Summary: Genetic, medical, and lifestyle data from all 500,000 UK Biobank volunteers was listed for sale on Alibaba after three Chinese research institutions with legitimate access violated their data-sharing agreements. The data was de-identified but includes genome sequences, hospital diagnoses, and biological measures that experts say can be re-identified. Alibaba removed the listings before any sales were made, UK Biobank has paused all external data access, and the ICO is investigating. A March investigation had already found the data leaked dozens of times via GitHub.

The genetic, medical, and lifestyle data of 500,000 British volunteers was listed for sale on Alibaba’s e-commerce platform in China this week, the UK government confirmed on Wednesday, in a breach that did not require a single line of malicious code. Three research institutions in China that had been granted legitimate access to UK Biobank’s database downloaded the data, then listed it for sale. It was not a hack. It was a contract violation by trusted researchers, and that distinction makes it worse, not better, because it exposes a vulnerability that no firewall can fix: the entire model of open research data sharing assumes that everyone who receives the data will follow the rules.

Ian Murray, the Minister of State, told the House of Commons that UK Biobank informed the government on Monday 20 April that three listings had been identified on Alibaba, with at least one appearing to contain data from all 500,000 participants. The data was de-identified, meaning it did not include names, addresses, contact details, or NHS numbers. It did include gender, age, month and year of birth, socio-economic status, lifestyle habits, and measures from biological samples. With support from both the UK and Chinese governments, Alibaba removed the listings before any sales were made. The three institutions had their access revoked. UK Biobank has paused all external data access while it develops a technical solution to prevent bulk downloads, and has referred itself to the Information Commissioner’s Office.

What UK Biobank holds

UK Biobank is one of the most valuable biomedical research resources in the world. Between 2006 and 2010, it recruited 500,000 volunteers aged 40 to 69 across Great Britain, who consented to share their health data and be followed for at least 30 years. The database now holds more than 10,000 variables per participant, including whole genome sequences for all 500,000 volunteers (released in full in 2023), blood and urine biomarkers, brain and body imaging scans, hospital diagnosis records, GP data, and detailed lifestyle questionnaires. Approximately 22,000 researchers worldwide have access to the data for approved studies into cancer, heart disease, diabetes, Alzheimer’s, and other conditions. The resource has generated thousands of peer-reviewed papers and is considered foundational to modern genomic medicine.

The 💜 of EU tech

The latest rumblings from the EU tech scene, a story from our wise ol’ founder Boris, and some questionable AI art. It’s free, every week, in your inbox. Sign up now!

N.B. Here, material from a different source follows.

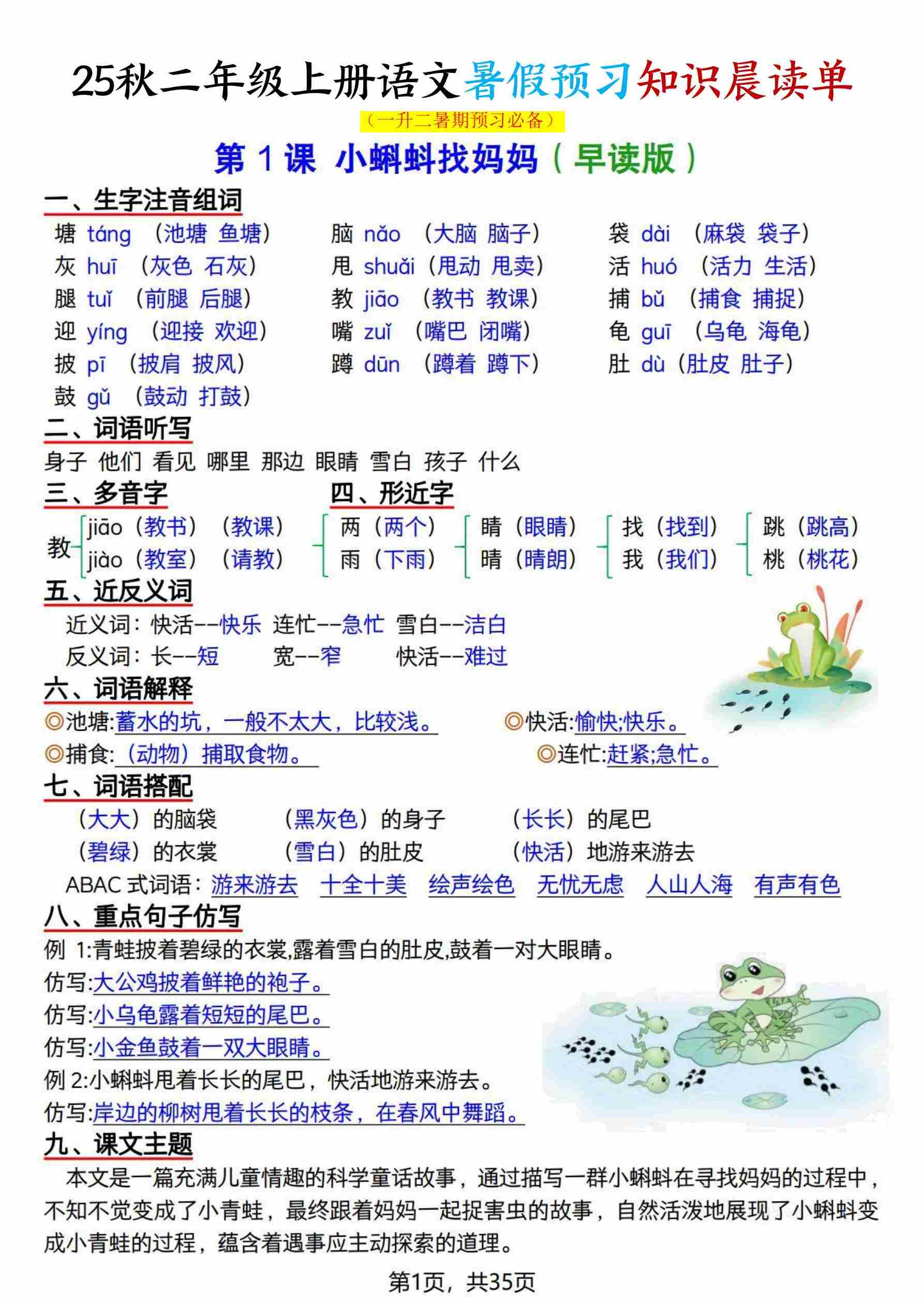 二(上)语文【25秋-暑假预习知识晨读单(35页)】

The data is shared on the basis that it is de-identified. Researchers sign material transfer agreements prohibiting redistribution. The model depends on compliance with those agreements. What happened this week is that three institutions broke the agreement, and the only reason anyone knows is that they were brazen enough to list the data for sale on a public marketplace.

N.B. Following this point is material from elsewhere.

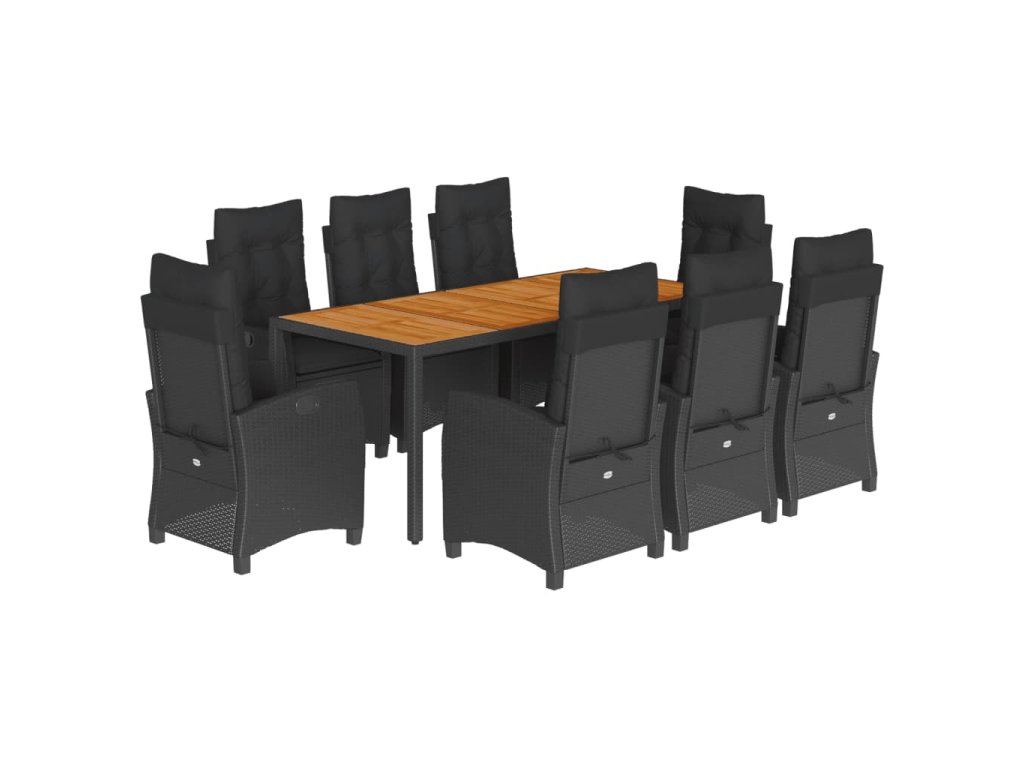9dílný zahradní jídelní set s poduškami černý polyratan 3212670

The re-identification problem

The government’s assurance that the data did not contain names or addresses is accurate but incomplete. A Guardian investigation published in March found that de-identified UK Biobank data had been exposed online dozens of times, with researchers inadvertently posting partial or complete datasets to GitHub, the code-sharing platform. Between July and December 2025, UK Biobank issued 80 legal notices to GitHub requesting removal. In one case, a dataset containing millions of hospital diagnoses and associated dates for more than 400,000 participants was published openly.

The Guardian demonstrated that the data is not as anonymous as it appears. A reporter was able to pinpoint a volunteer’s extensive hospital diagnosis records using only their month and year of birth and the details of a major surgery they had undergone, information that many people share in everyday conversation. Dr Luc Rocher, associate professor at the Oxford Internet Institute, told the paper that removing identifiers “often does not guarantee anonymity” and that knowing a person’s birthday and a specific medical event date might be sufficient to identify their record with high confidence. Once identified, that record could reveal psychiatric diagnoses, HIV test results, or histories of substance abuse.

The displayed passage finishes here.